[Items from a dataset]
----------

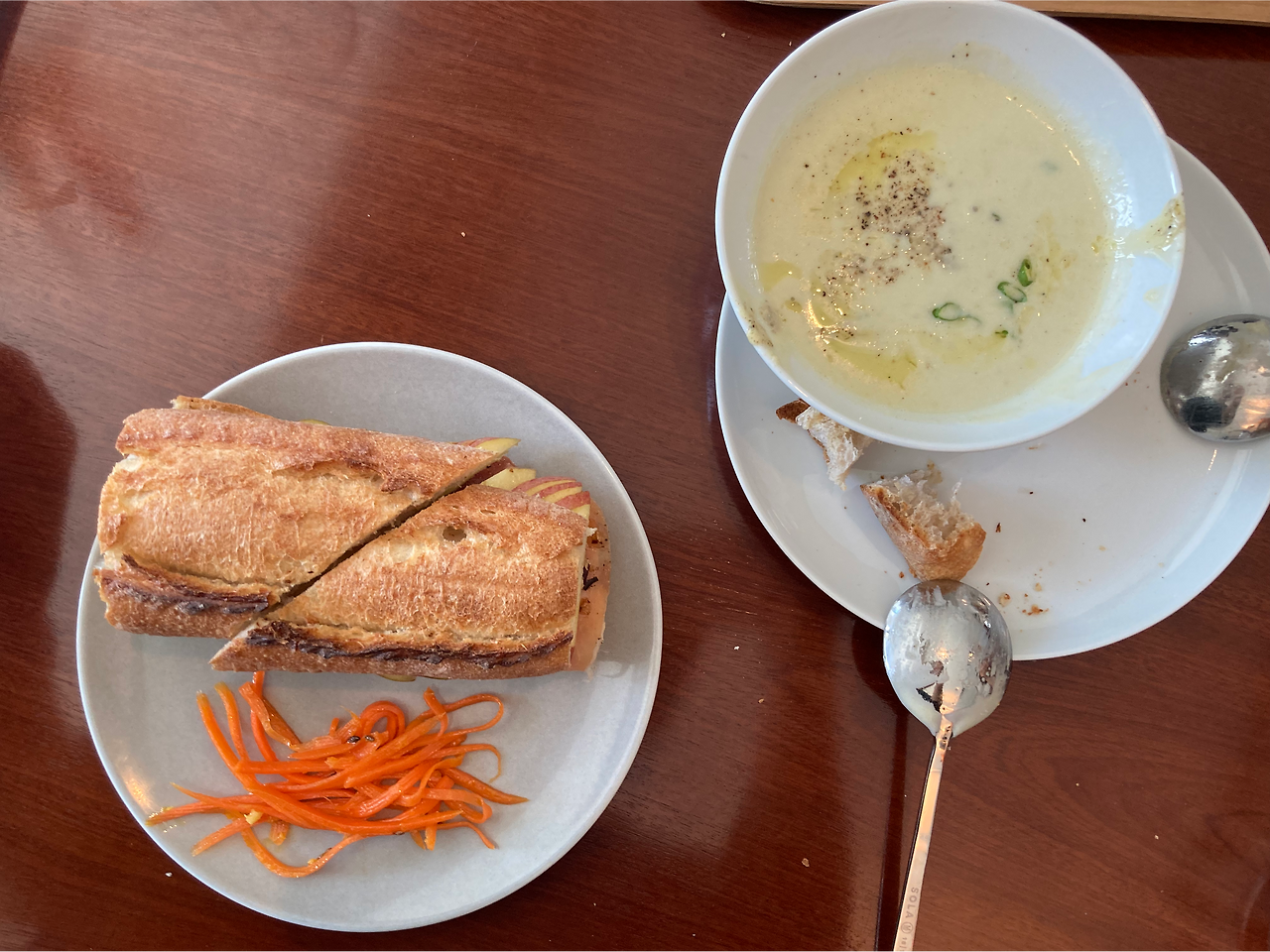 내 점심 : 샌드위치(바게트, 사과, 프로슈토햄), 당근라페 샐러드, 감자스프, 레몬주스
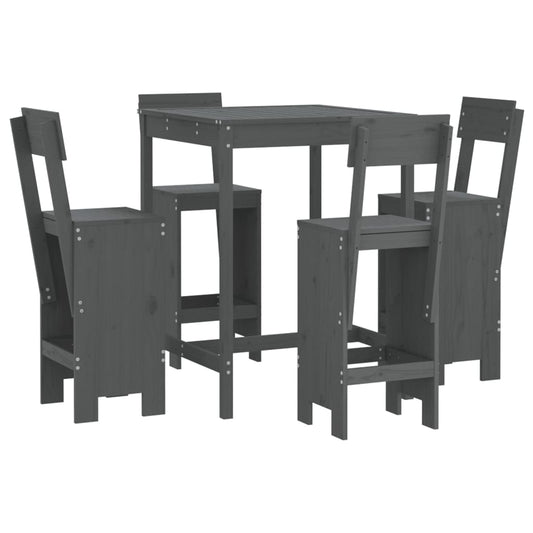 Set Bar da Giardino 5 pz Grigio in Legno Massello di Pino
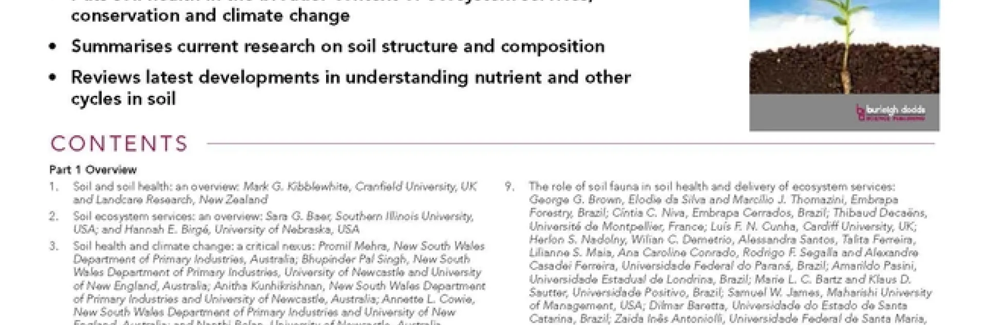 “Managing soil health for sustainable agriculture covers virtually the entire range of soil health topics. Dr Don Reicosky, himself an internationally distinguished soil scientist, has assembled an impressive roster of chapter authors. Each is a world-class specialist in the topic of the chapter. This collection of diverse chapters by highly respected authors promises to be a most interesting read
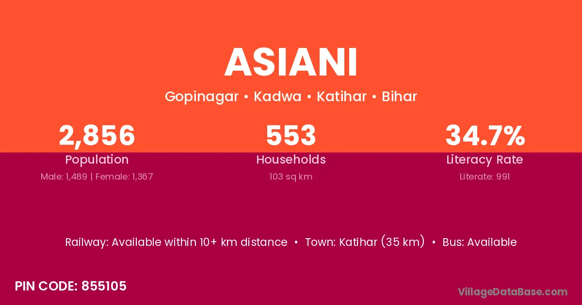 Katihar (35 km) is the nearest town to Asiani village for major economic activities and is located approximately 35 km away.
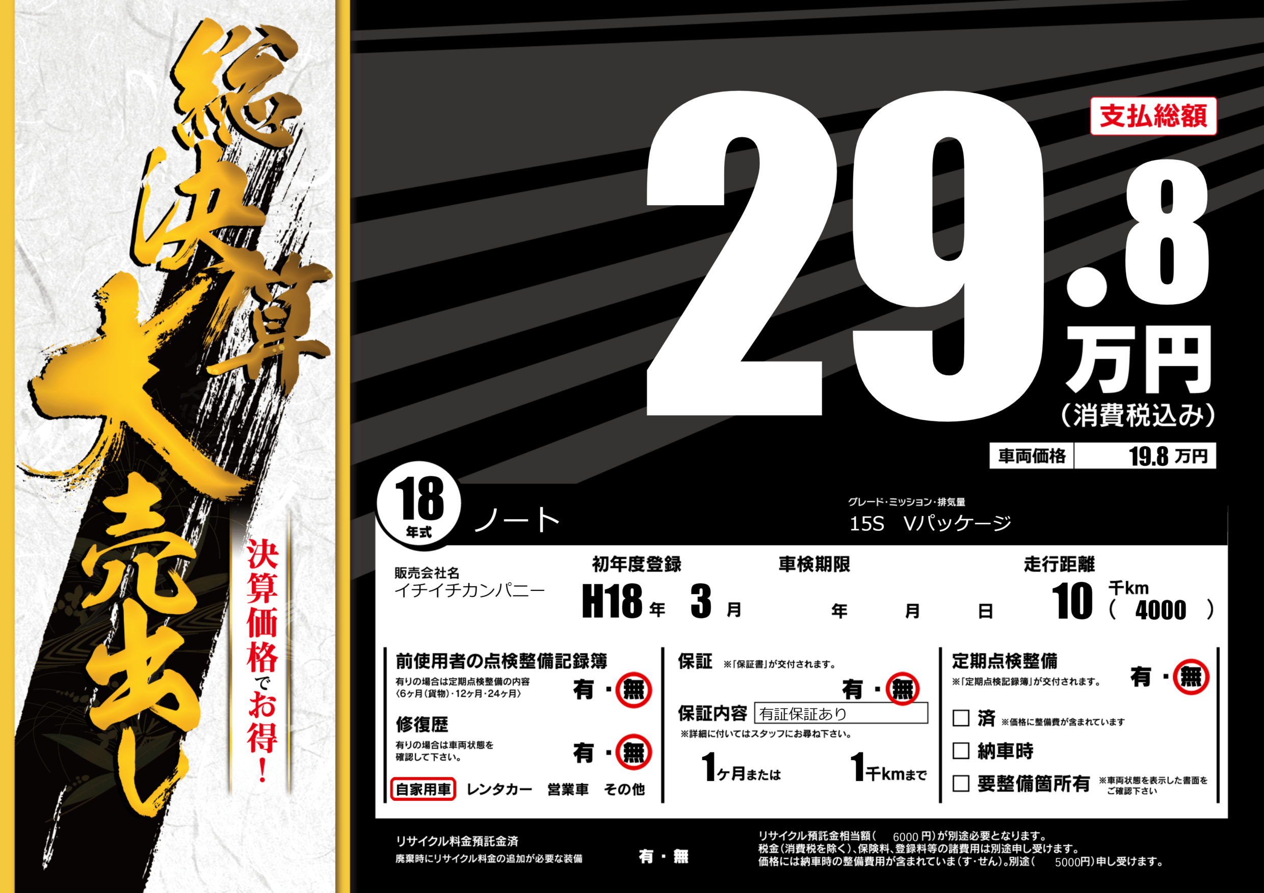 | 走行キロ | 1万km | 初年度登録 | H18年3月 |
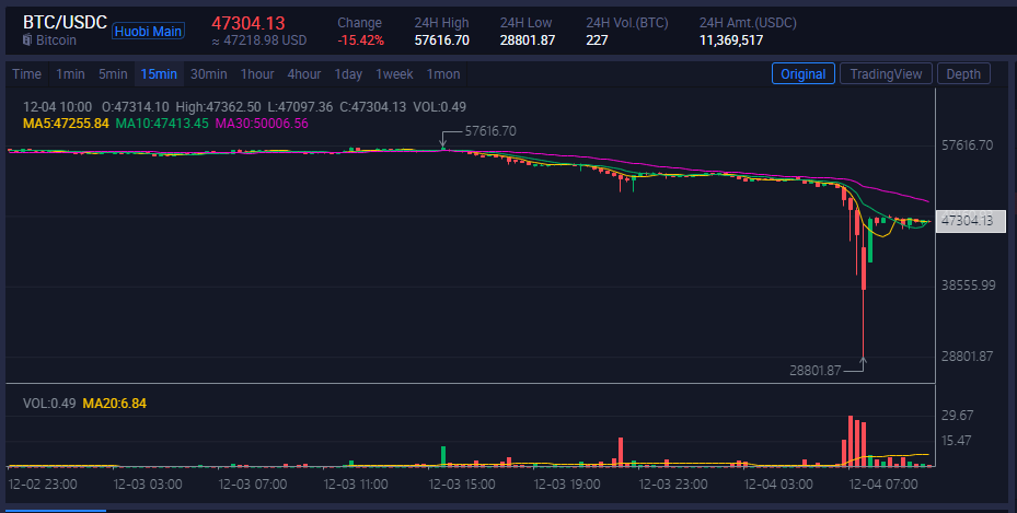 با این حال، سایر محلهای معاملاتی شاهد کاهش شدید قیمتها بودند. این مورد در مورد جفت معاملاتی BTC/USDC در Huobi صادق بود که بیت کوین تا 28801 دلار کاهش یافت، همانطور که تصویر زیر نشان می دهد.
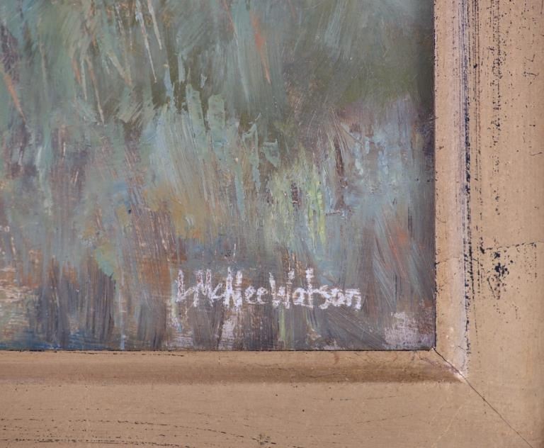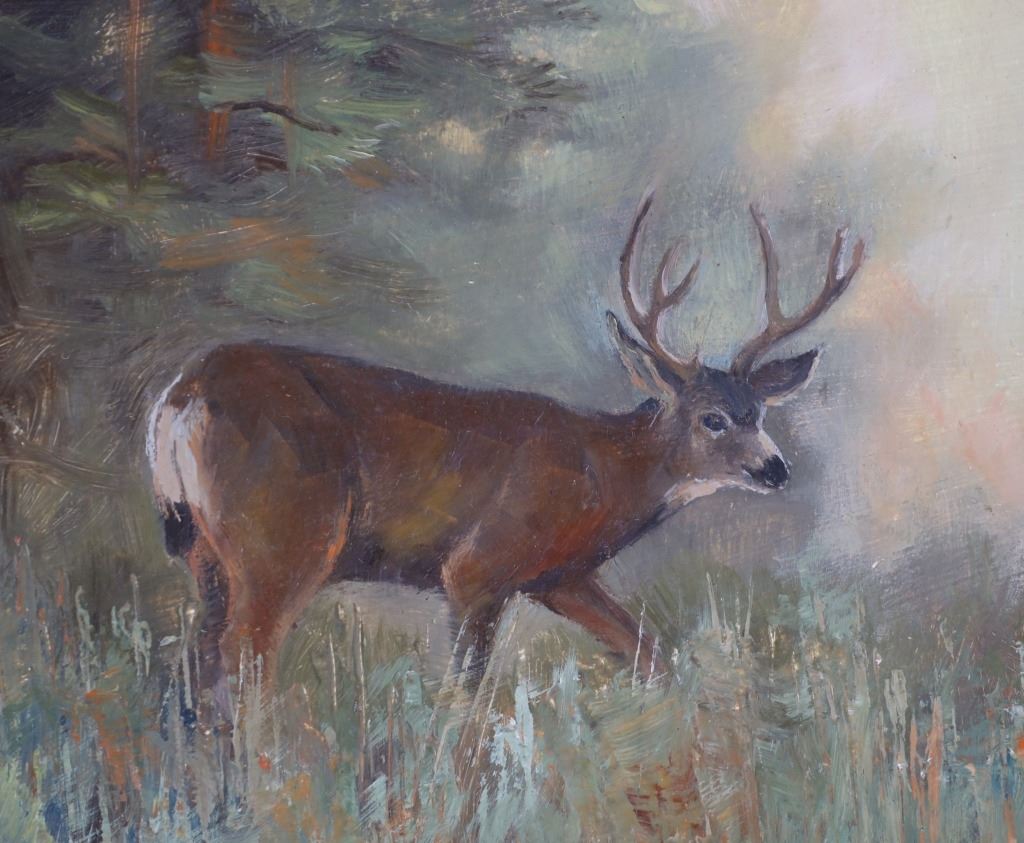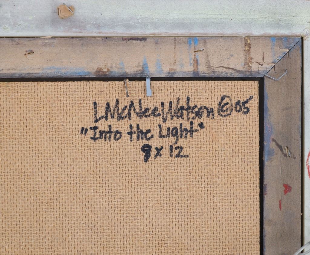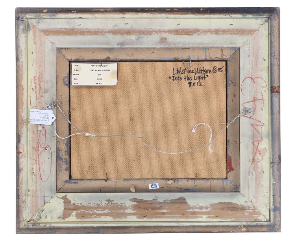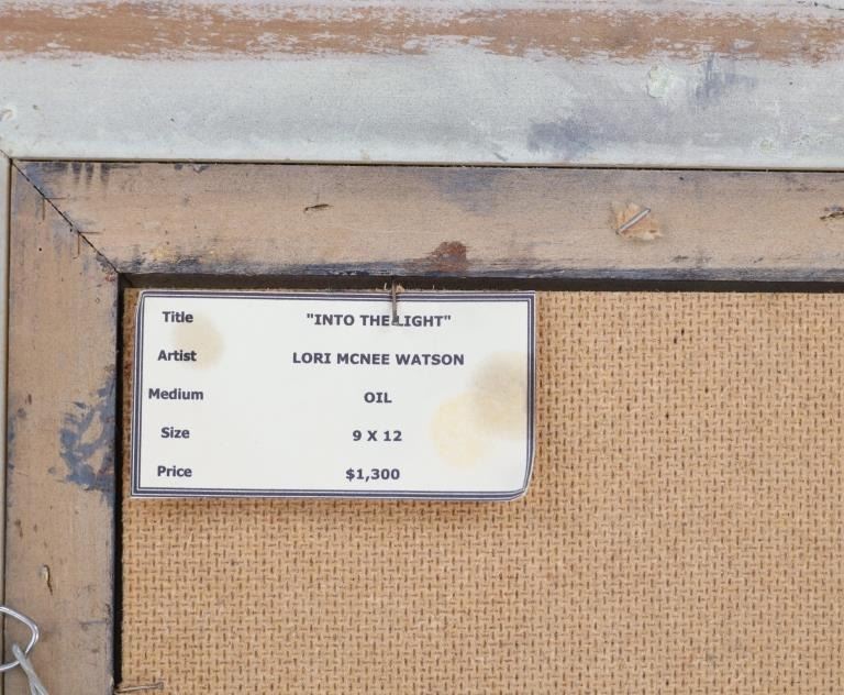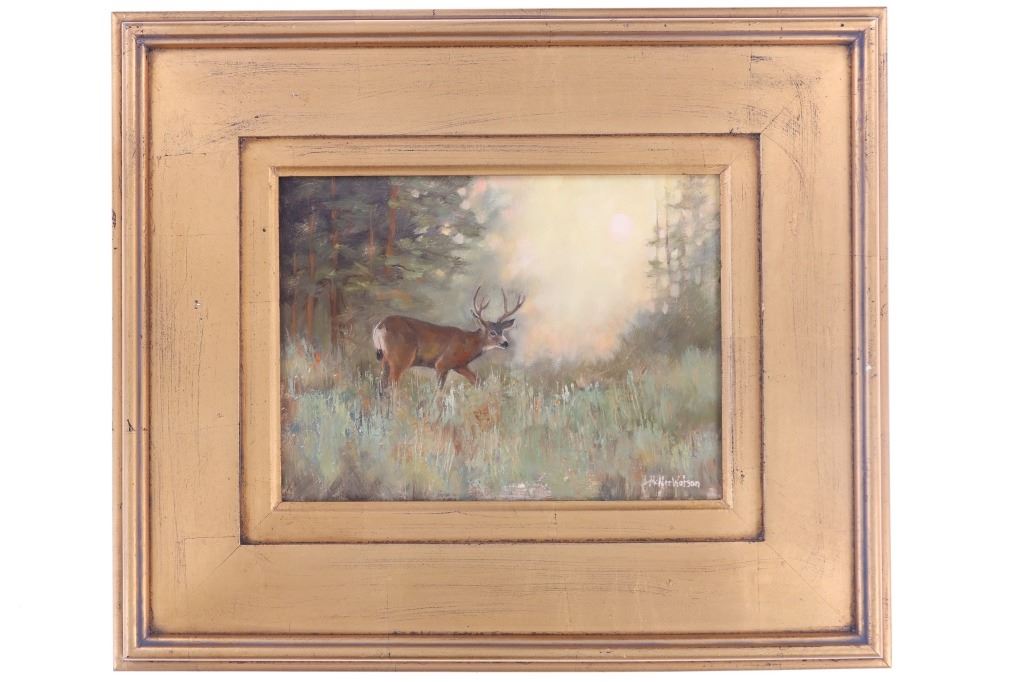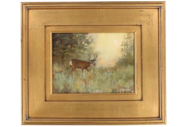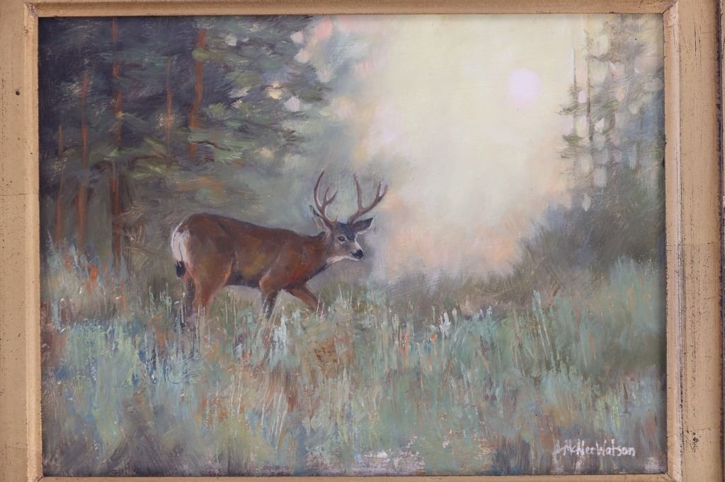 Featured in this lot is this original oil on board called "Into the Light" by Idaho artist Lori McNee Watson (b. 1965). The painting features a wonderfully and professionally crafted oil on board construction that shows a 3x3 buck with an abnormal right point grazing in an open field with tree line around the clearing; these are live actions scenes that Lori experienced and captured in real time. The artist signature is in the bottom right hand corner. Lori McNee Watson was born in 1965 and is based in Sun Valley, Idaho. She is best known for her mastery of studio landscapes, plein air oil paintings, still lifes, and wildlife imagery, often incorporating birds and butterflies in settings resonant with light and atmosphere. Her artistic journey began in the 1980s and 1990s as a wildlife artist and illustrator, producing work for organizations such as Ducks Unlimited and The Nature Conservancy, along with contributions to duck and trout stamps and illustrated books . Since 2000, she has embraced water-mixable oils (notably Cobra brand), plein-air painting, encaustic wax, and studio still lifes inspired by Dutch Master techniques and Luminist traditions. In the art community, Lori is highly active: she is a Signature Member of Oil Painters of America, the American Impressionist Society, and the Heartland Art Club, and serves as a certified Master Artist in Cobra water-mixable oil paints. She also holds ambassador roles with Royal Talens and Princeton Brush Company, contributing to painting education, social media, and brand representation. Through her teaching, writing, painting, and online influence, Lori McNee Watson has become a respected voice in realistic oil painting, plein-air practice, and art-business guidance—earning a strong presence in the global artist community and among creative entrepreneurs. The condition of this of this original painting is well preserved with no obvious signs of damage and shows a well preserved overall condition. The measurements of this framed painting is 17 3/8" x 20 1/2" and the visible artwork measures 8 1/2" x 11 5/8". The collective weight of this painting is 5lb 4oz.
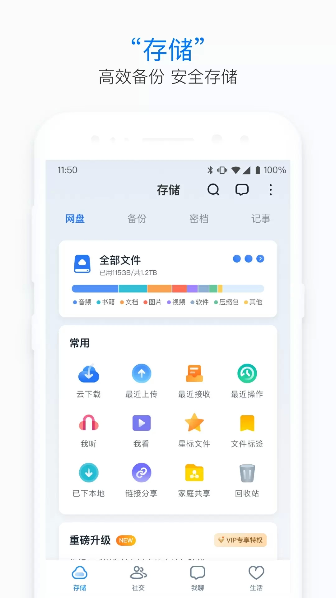 115——提供安全稳定、高效智能的云存储服务,支持相册、通讯录一键备份,海量空间(kongjian)轻松存储一生数据,并可直接在手机端远程管理各终端的设备登录情况,安心又省心

----------

* _EXERCISE REQUIREMENTS_: Print again, exactly, the lines of the records above from the first line through the line with "Set Bar da Giardino". No pictures.

* _TASK ANSWER_:
 내 점심 : 샌드위치(바게트, 사과, 프로슈토햄), 당근라페 샐러드, 감자스프, 레몬주스
 Set Bar da Giardino 5 pz Grigio in Legno Massello di Pino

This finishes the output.